His earlier assumption that the function of language was to represent the world precisely evolved into the view that language was constituted by myriad, fundamentally different “language games,” i.e., modes of weaving words and actions together.

So no single technique alone could ever show philosophers what language was all about.

Moreover, conventional grammar was a powerful force for directing our attention away from the manifold ways that meaning is fashioned in use. He wanted us to pay attention to language in practice, an exercise he termed “depth grammar,” the way meaning emerges from our collective interweaving of words (sentences and signs) and actions.

Ultimately, we can thank Wittgenstein for bringing philosophers out of their ivory tower, most crucially in his efforts to disabuse them of the distinction between thought and language. The idea that there could be a private language was actually nonsense, he demonstrated, as language was, by nature, social and collective. An inner process requires an outward criterion to give it meaning.

His example was our experience of pain. What could be more intimate than that; surely, nobody else can feel my pain. Wittgenstein, nevertheless, wants to show usthat in making such a claim, we really do not know what we mean. If I, and only I, can describe my experience of pain, I would require an absolutely unique language to do so, and so there could be no discourse about my pain that could be meaningful to anybody else.

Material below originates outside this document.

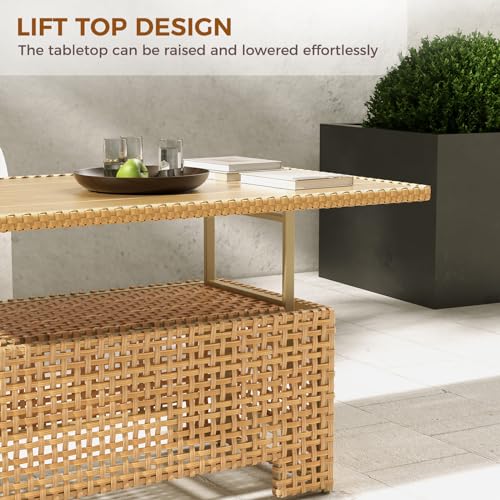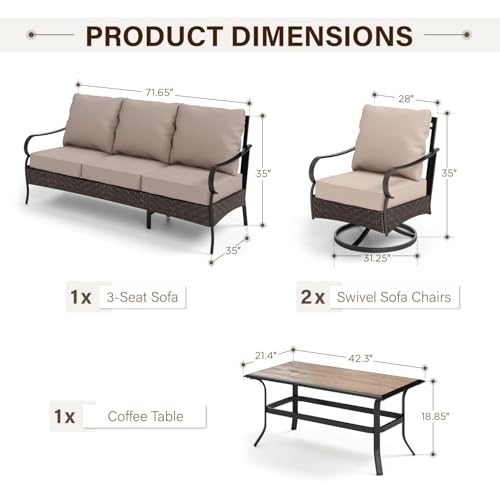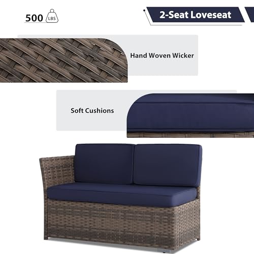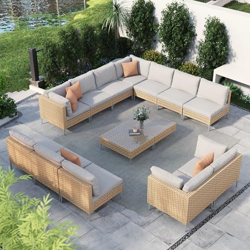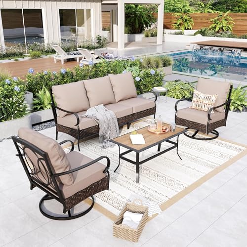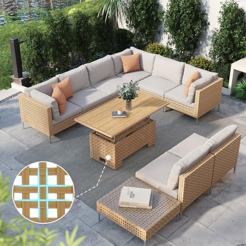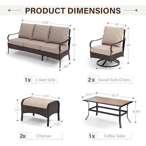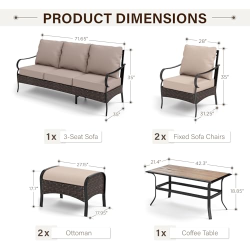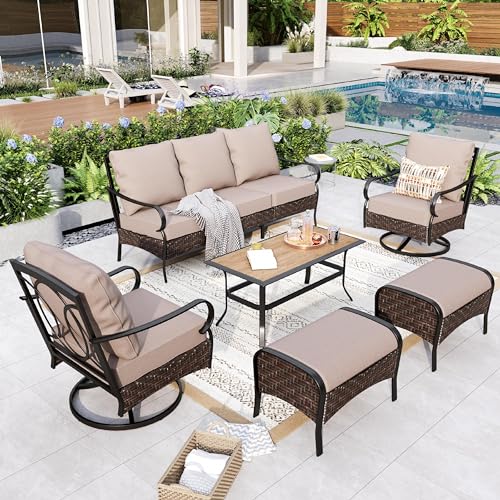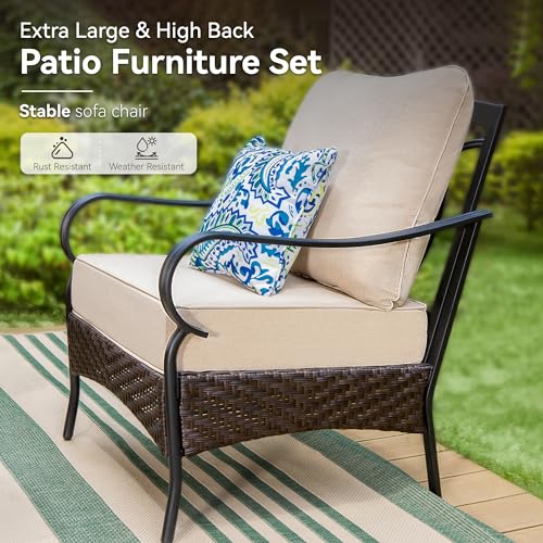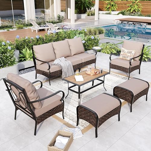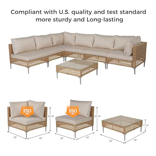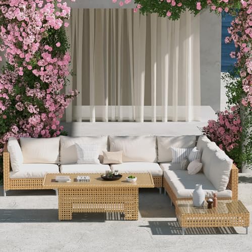 Grand patio 7-Piece Wicker Patio Furniture Set, Boho Outdoor Conversation Set Sectional Sofa with Water Resistant Thick Cushions and Coffee Table, Cream

The Importance of Nonsense

Wittgenstein’s explorations are never linear, but an assembly of penetrating questions, comparisons, aphorisms and thought experiments:

Could one teach a dog to simulate pain? What if humans showed no outward signs of pain? What gives us so much as the idea that living beings, things, can feel? Couldn’t I imagine having frightful pains and turning to stone while they lasted? … And if that happened, in what sense will the stone have the pains?

Disabusing philosophers of their professional prejudices was like untying a knot; loosening it required patiently retracing its complexity. Nonsense, so dreaded by tough-minded philosophical analysts, had, he insisted, an important role in stretching our imagination.

Thus, in other contexts, Wittgenstein asks, how do you know that a rose has no teeth? We can speak of the teeth of the cow that dungs the rose as the rose’s teeth too, if we want to. And, see that table over there? Good, now translate it into French (i.e., not the word but the object!)

Little wonder Wittgenstein so admired Søren Kierkegaard; the latter’s writings are full of thought experiments whose logic requires us to strain our imagination to transcend the clichéd, banal character of conventional thinking.

The endless questioning formed an armory of techniques to help reorient the philosopher’s imagination toward unanswered questions, or even more shockingly, toward questions deliberately answered falsely – all this to fix our attention upon the embeddedness of language in practice. The philosopher’s task was to show the fly the way out of the fly-bottle.

Wittgenstein’s enormous contribution to the 20th century project of investigating the nature of thought – with all its implications for history, art, ethnology etc. – was embedded in his efforts to show philosophers, including the philosopher in us, the limits of language.